L'avenir du hub port de Boulogne
Quant à Boulogne, l'ouverture d'une ligne Transmanche reste en question, alors que 15 ha de foncier restent gelés depuis plus de 10 ans sur le hub portuaire. «Et en parallèle, le port est plein», rappelle Benoît Rochet. Un appel à manifestation d'intérêt a donc été lancé pour mesurer si le marché serait intéressé par une réactivation du hub. Ce n'est pas si sûr. Le Brexit apporte son lot de contraintes douanières. Et il faut donc un beau taux de remplissage assuré, au risque de pertes financières importantes. «Nous sommes en train d'analyser ce dossier. Peut-être que l'équipement trouvera son marché, mais il s'agit de travailler sur des choses durables et les plus solides possibles.» A défaut, les 15 ha du hub portuaire pourraient donc être libérés.

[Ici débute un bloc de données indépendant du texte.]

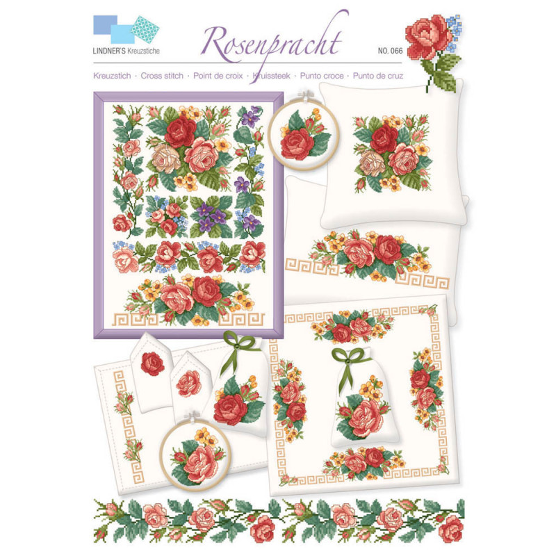 L'article 'Lindner, grille Rosenpracht (LIN0415-066)' fait partie de notre assortiment depuis le 22 août 2015. Michael et Gudrun Lindner, déjà actifs dans la création du points de croix comptés auparavant, ont créé leur propre gamme en 2011. Chaque dépliant est constitué de quatre feuilles de diagrammes en couleurs, facilement réalisables.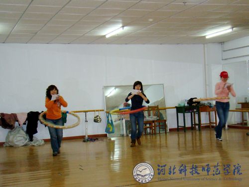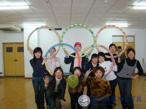 图为研究生运动员用呼啦圈拼成奥运五环来表达对北京奥运的祝福与期盼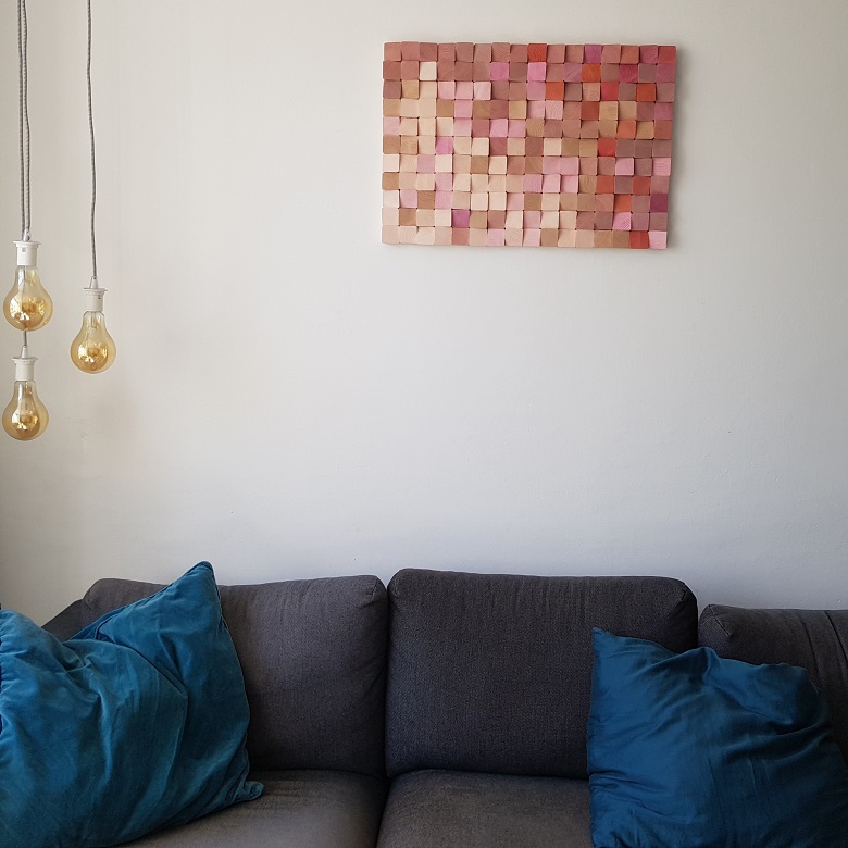 3D handgemaakt houten wandversiering zacht rood blokjes.
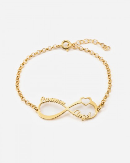 Esta pulsera de nombre Infinito es una joya que representa el amor eterno. Personalizada con hasta 3 nombres, está hecha de Plata de Ley bañada en Oro de 18kt y cuenta con un delicado corazón. Es el regalo perfecto para expresar amor y compromiso, simbolizando una conexión que durará para siempre.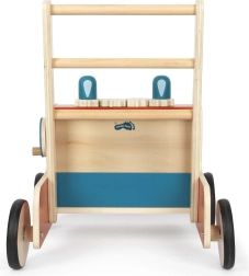 Tvirta medinė konstrukcija ir integruota stabdžių sistema suteikia vaikams užtikrintumo tiek einant, tiek važiuojant greičiau. Keturi platūs ratai užtikrina stabilumą ant įvairių paviršių.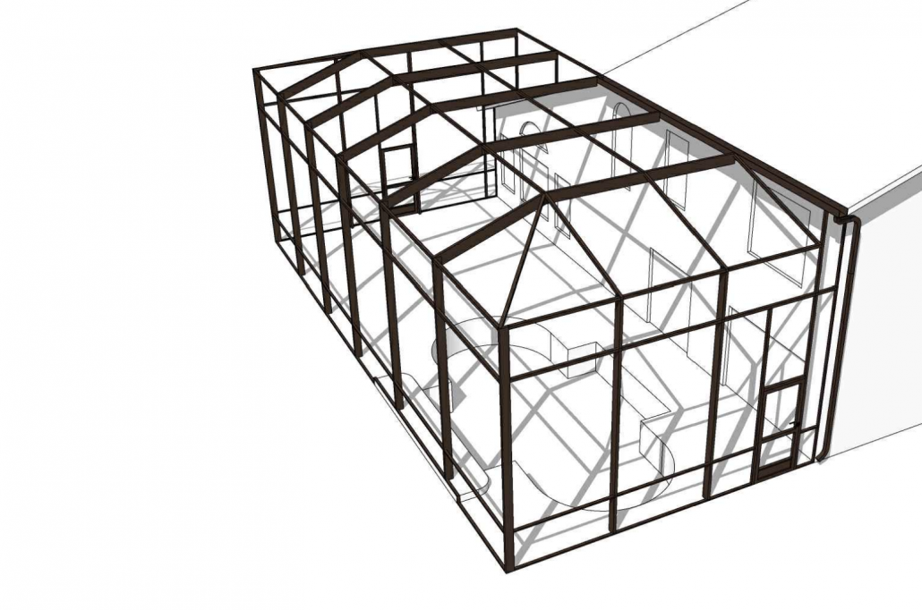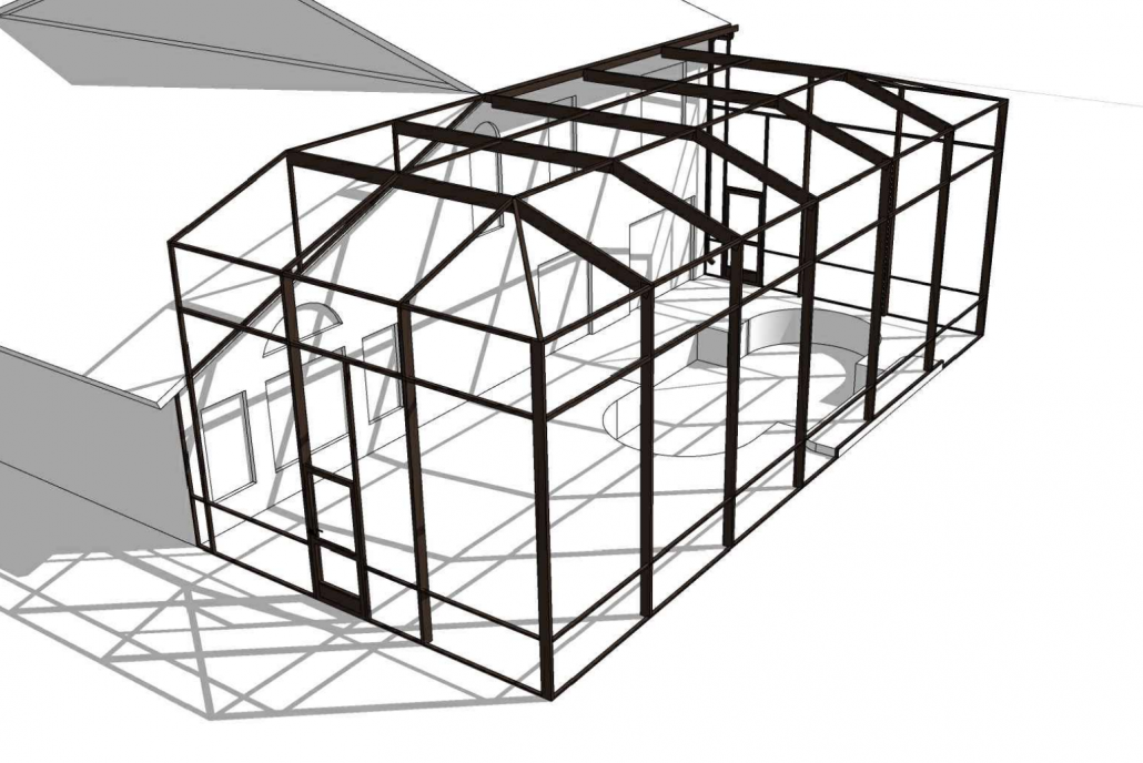 The client’s main request was to make sure the enclosure didn’t look like a separate add-on, but rather an organic continuation of the house. To achieve this, we designed a customized roof system:
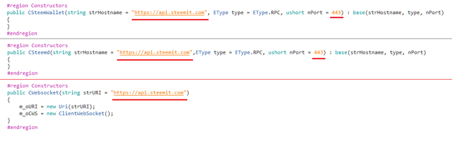 In CSteemD and CSteemWallet we have to change string var strHostname on function to "https://api.steemit.com" with port 443 and in CWebSocket → strURI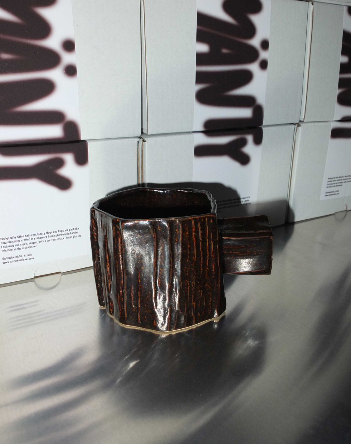 De Mänty Cups zijn onderdeel van een serie keramisch tafelgerei gebaseerd op afgedankte bomen. De keramische stukken zijn gemaakt van gekloofd hout. Tijdens het ontwerpproces worden alleen hout en bijl gebruikt om vormen te creëren voor porseleinen gietwerk. De cups zijn perfect voor een kop koffie of thee.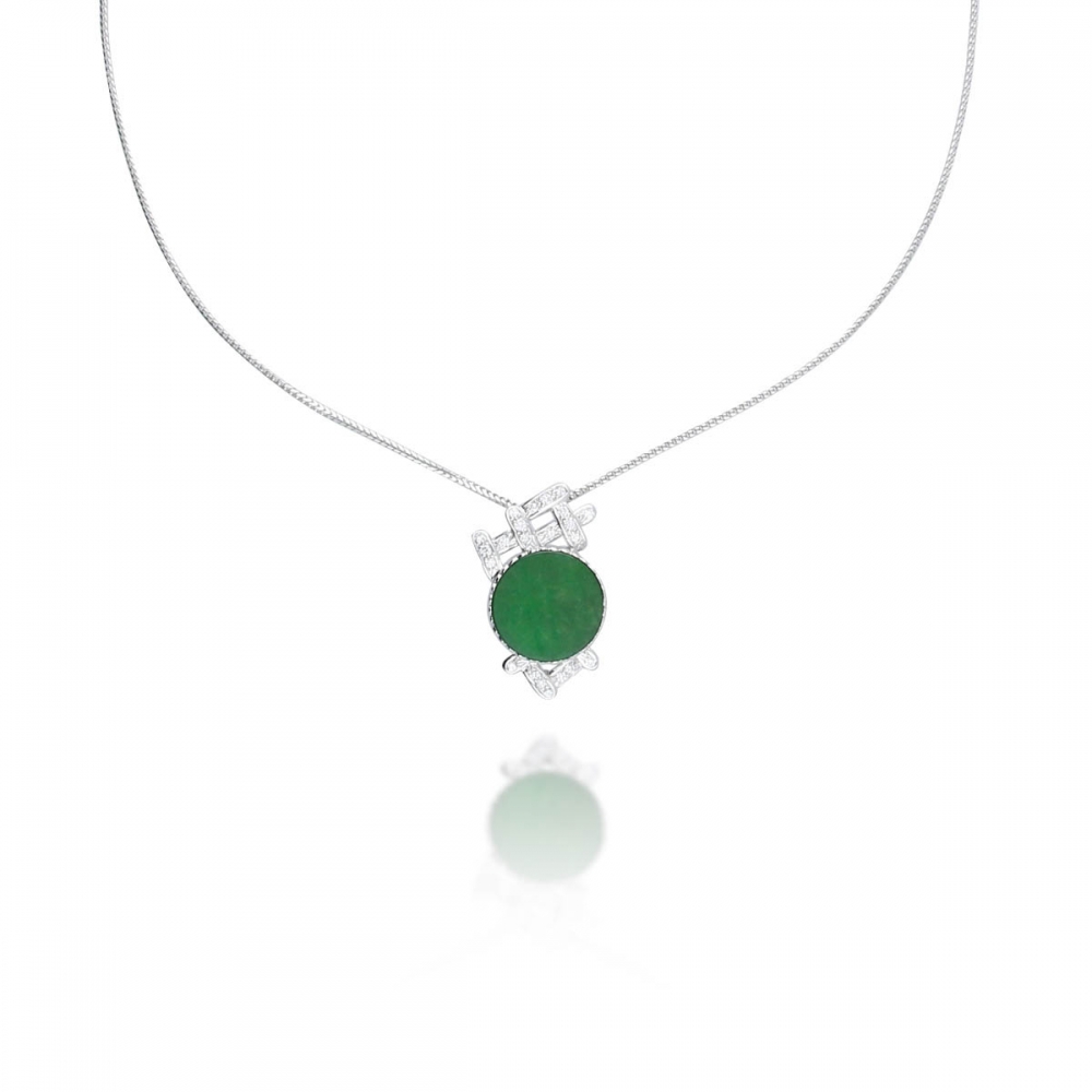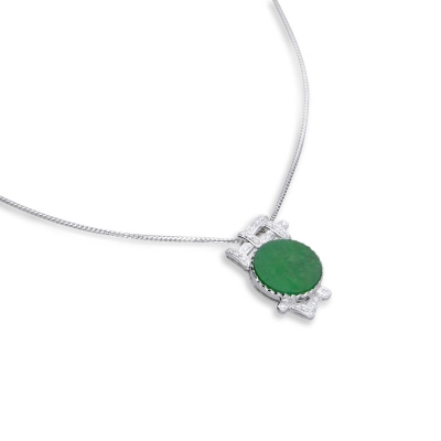 這條翡翠項鍊 以天然翡翠圓片為主體,呈現清透柔和的綠色光澤,象徵吉祥與平安。圓片周圍點綴精緻鑽石,微光閃爍,增添整體層次與奢華感。簡約而不失典雅的設計,將東方翡翠的傳統韻味與現代珠寶的精緻工藝完美融合。無論搭配日常服裝或正式禮服,都能凸顯佩戴者的品味與氣質。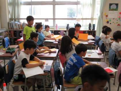 ワークシートを整理するファイルを色画用紙を使って作ります。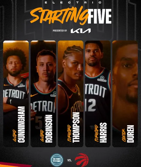 活塞首发:邓罗、哈里斯、奥萨尔、坎宁安、杜伦。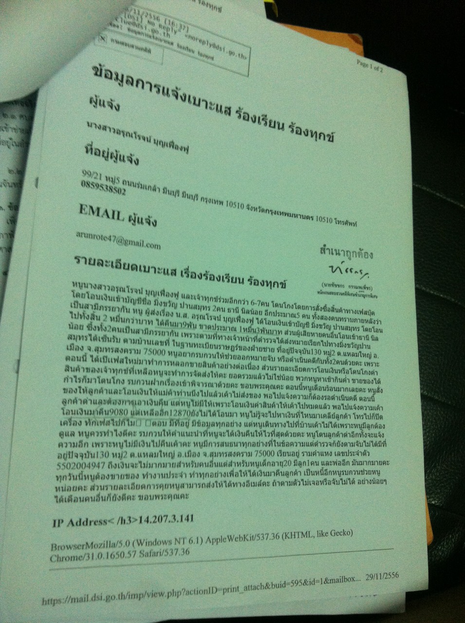 พอได้ที่อยู่มา ดำเนินเรื่องส่งเอกสาร ทุกอย่างที่ต้องใช้ไป ไอซีที ค่ะ

A Boulogne, «on est dans une dynamique de croissance. J'ai à cœur que des entreprises viennent s'installer et embauchent» poursuit le directeur de la SEPD. Il annonce d'ailleurs des investissements importants autour de Capécure. 7 M€, qui seront affectés à des opérations d'entretien, notamment de la voirie. «Il ne s'agit pas de plonger Boulogne dans la naphtaline. Boulogne a des atouts considérables à l'interface des producteurs de poissons et de ses grands amateurs. C'est un centre d'excellence mondialement reconnu. Il faut capitaliser sur cette dynamique et l'entretenir.»
La carte du collectif
Dans cette idée, le concessionnaire compte bien jouer la carte du collectif. Entre Calais et Boulogne, bien sûr, mais aussi avec l'ensemble des acteurs du transmanche, notamment à travers le réseau Norlink. «Nous sommes confrontés aux mêmes défis, souligne le directeur. Nous avons traversé le Brexit ensemble. On aura une queue de comète du Brexit qui concernera non plus les marchandises mais les personnes. Franchissons-la ensemble, avec Dunkerque et même avec nos concurrents et camarades d'Eurotunnel.» Pour lui, apporter de la cohérence territoriale ne peut qu'être bénéfique à tous, et améliorer la visibilité de la région vis-à-vis des investisseurs.